--- The input Enclosed Below ---

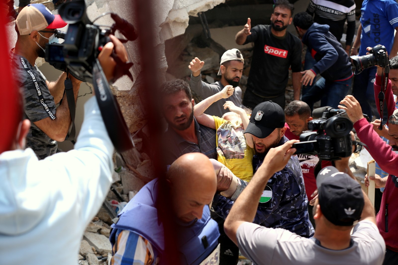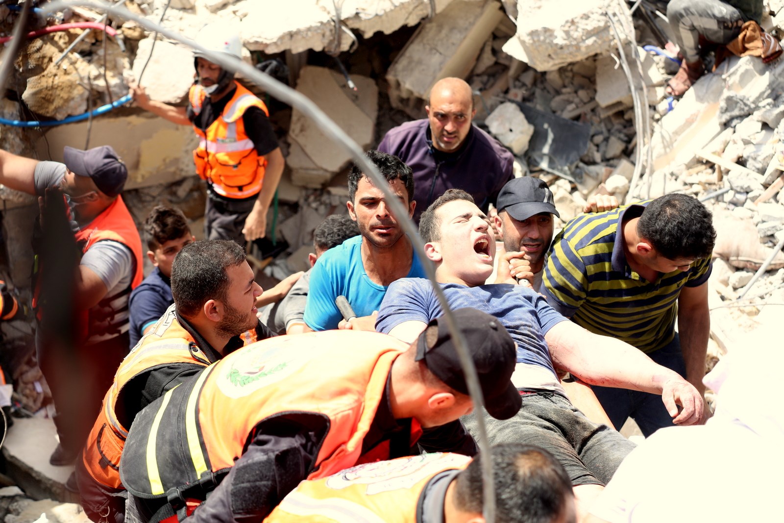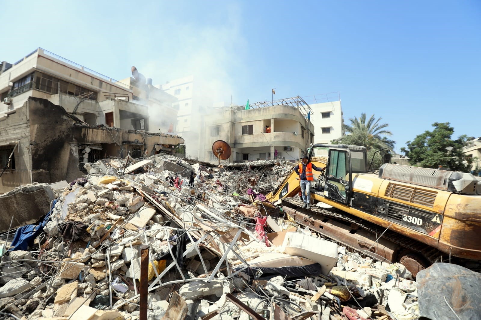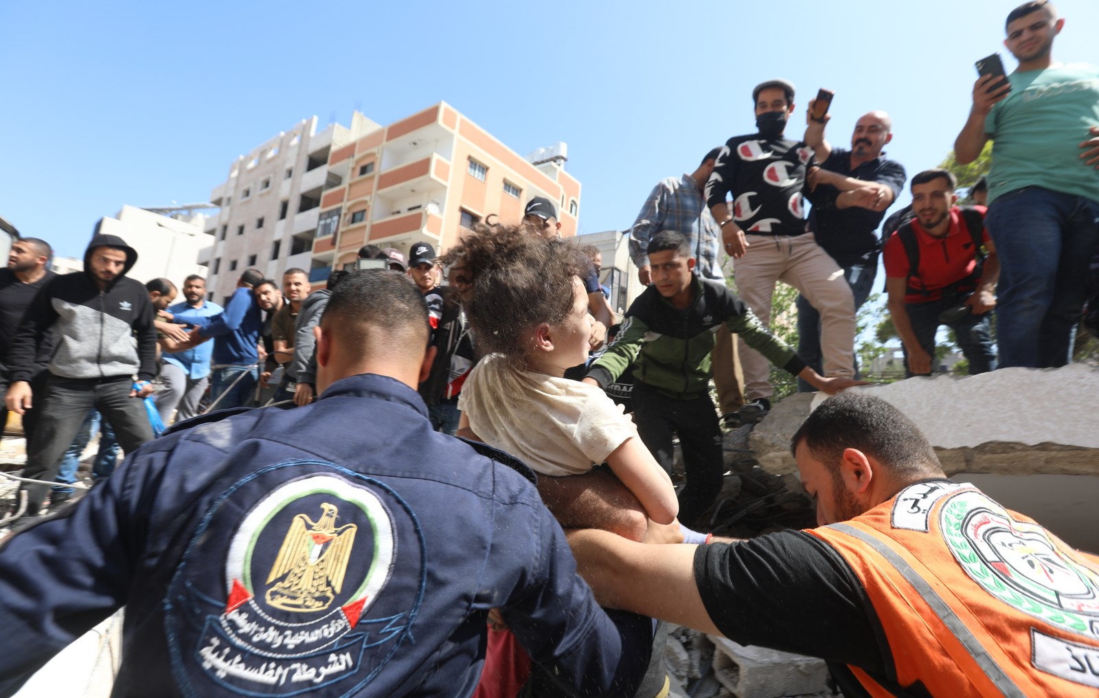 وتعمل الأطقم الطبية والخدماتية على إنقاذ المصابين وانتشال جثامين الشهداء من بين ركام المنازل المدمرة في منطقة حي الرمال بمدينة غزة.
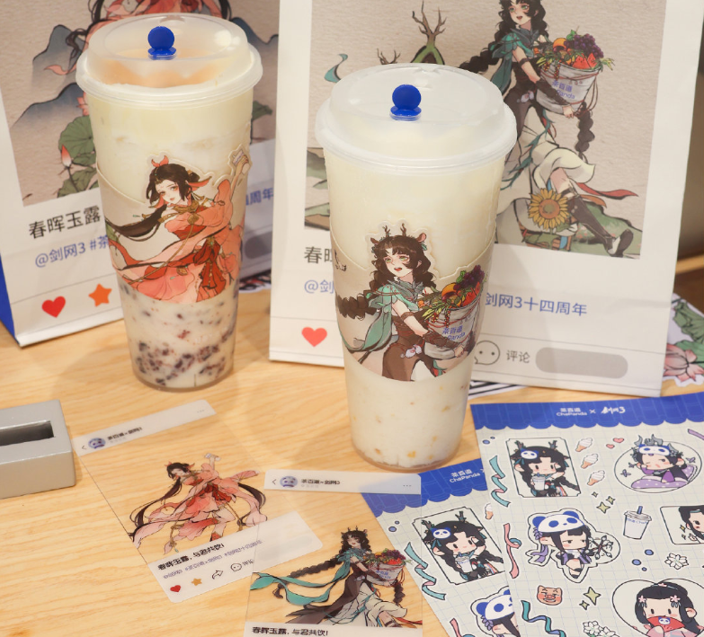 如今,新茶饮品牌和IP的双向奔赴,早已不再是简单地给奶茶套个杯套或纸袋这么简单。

--- End of Enclosed The input ---
--- The input Enclosed Below ---

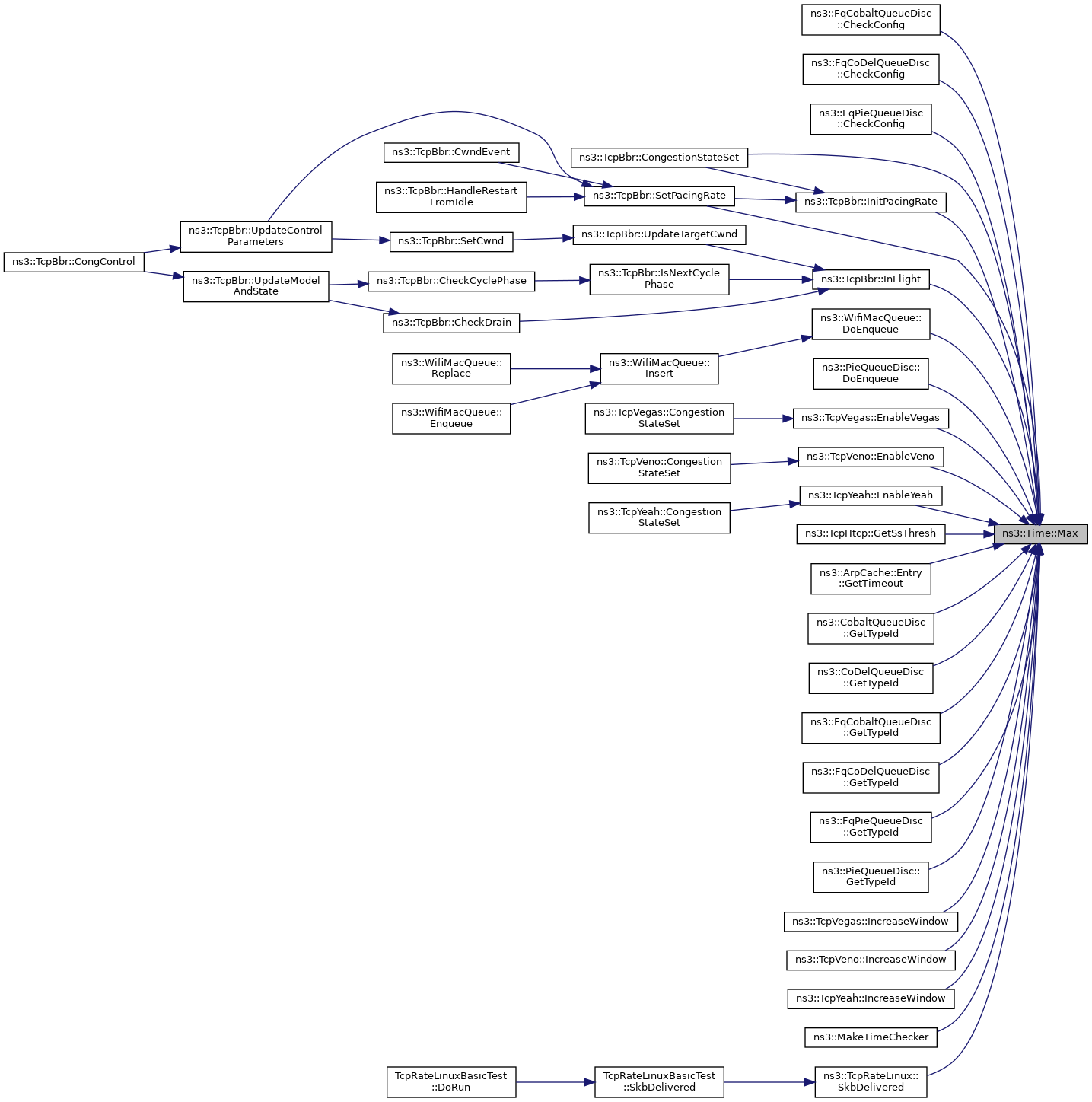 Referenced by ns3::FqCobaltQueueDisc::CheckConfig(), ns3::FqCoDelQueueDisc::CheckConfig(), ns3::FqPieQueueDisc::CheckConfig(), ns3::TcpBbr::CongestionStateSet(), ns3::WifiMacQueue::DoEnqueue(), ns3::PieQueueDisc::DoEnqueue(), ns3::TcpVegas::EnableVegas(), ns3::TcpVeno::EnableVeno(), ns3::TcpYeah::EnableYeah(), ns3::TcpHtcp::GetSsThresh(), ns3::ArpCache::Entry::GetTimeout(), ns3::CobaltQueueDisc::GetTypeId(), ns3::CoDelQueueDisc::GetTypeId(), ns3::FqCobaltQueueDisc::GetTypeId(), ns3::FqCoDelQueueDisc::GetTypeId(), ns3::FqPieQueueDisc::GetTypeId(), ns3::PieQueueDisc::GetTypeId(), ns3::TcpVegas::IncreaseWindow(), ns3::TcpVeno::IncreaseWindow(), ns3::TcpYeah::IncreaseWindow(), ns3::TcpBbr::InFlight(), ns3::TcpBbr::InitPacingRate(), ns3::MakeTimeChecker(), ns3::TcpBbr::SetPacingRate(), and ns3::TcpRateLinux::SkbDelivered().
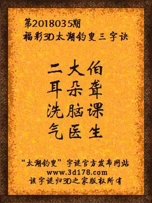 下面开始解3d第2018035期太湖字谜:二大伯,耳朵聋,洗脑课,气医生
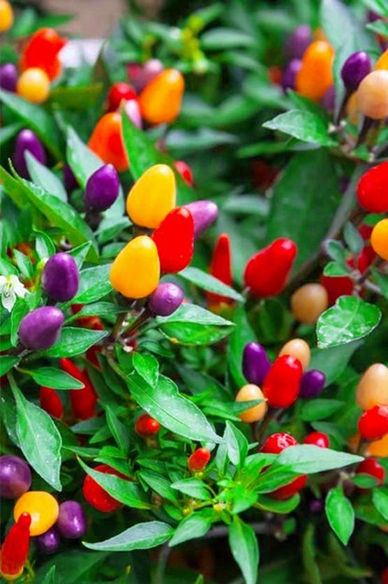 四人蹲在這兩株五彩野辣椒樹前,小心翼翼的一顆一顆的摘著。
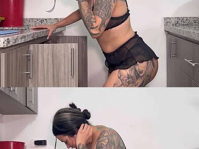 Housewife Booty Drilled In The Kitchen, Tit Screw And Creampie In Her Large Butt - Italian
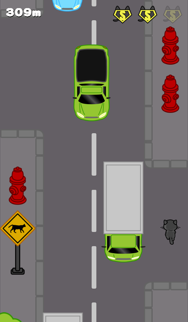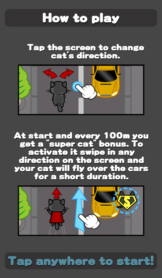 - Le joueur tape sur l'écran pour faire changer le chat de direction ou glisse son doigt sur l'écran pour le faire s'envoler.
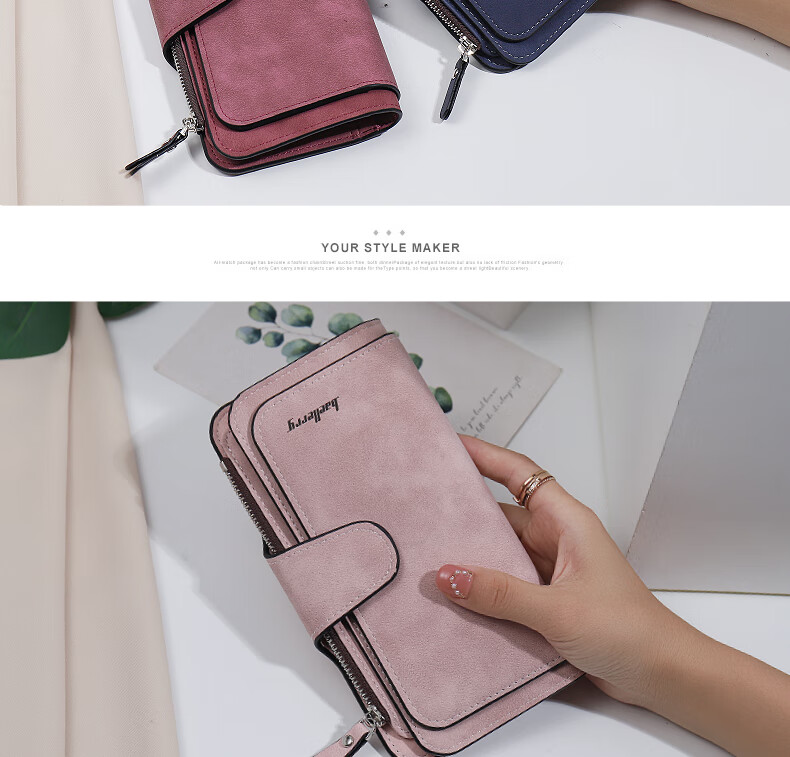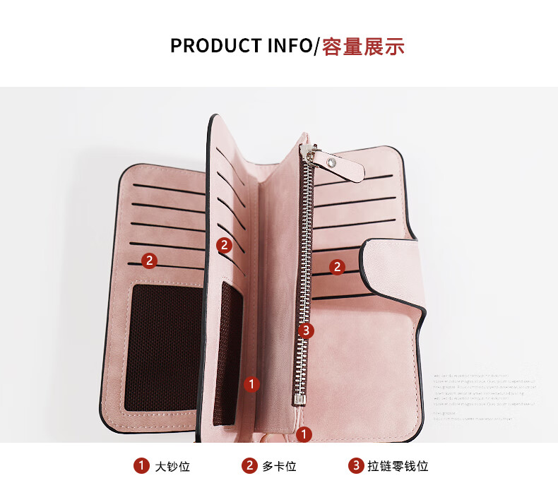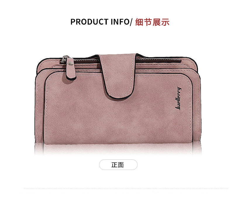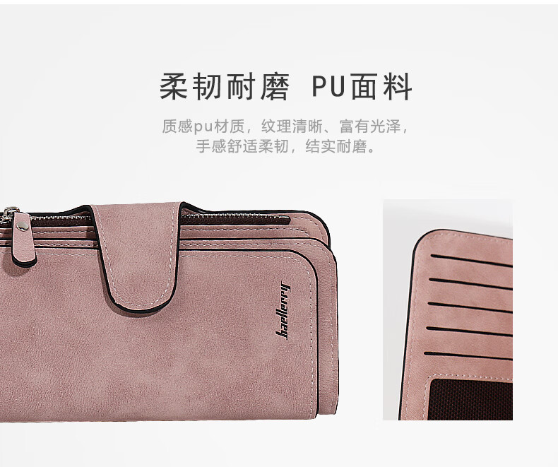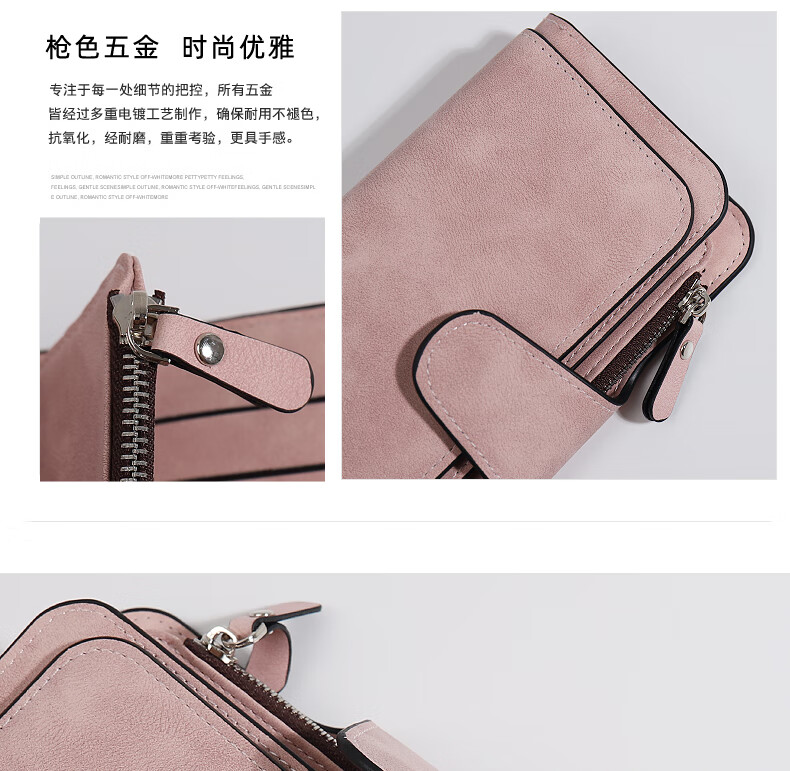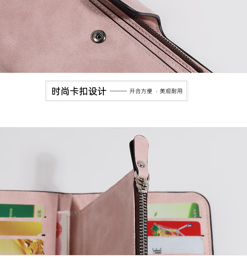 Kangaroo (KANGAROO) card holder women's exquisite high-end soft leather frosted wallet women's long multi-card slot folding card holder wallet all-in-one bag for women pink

--- End of Enclosed The input ---

Required work →
Using the listing above, reproduce word for word every line from the one containing "四人蹲在這兩株五彩野辣椒樹前,小心翼翼的一顆一顆的摘著。" through the one containing "Kangaroo (KANGAROO) card". Pictures must be left out.

Exercise output →
 四人蹲在這兩株五彩野辣椒樹前,小心翼翼的一顆一顆的摘著。
 Housewife Booty Drilled In The Kitchen, Tit Screw And Creampie In Her Large Butt - Italian
 - Le joueur tape sur l'écran pour faire changer le chat de direction ou glisse son doigt sur l'écran pour le faire s'envoler.
 Kangaroo (KANGAROO) card holder women's exquisite high-end soft leather frosted wallet women's long multi-card slot folding card holder wallet all-in-one bag for women pink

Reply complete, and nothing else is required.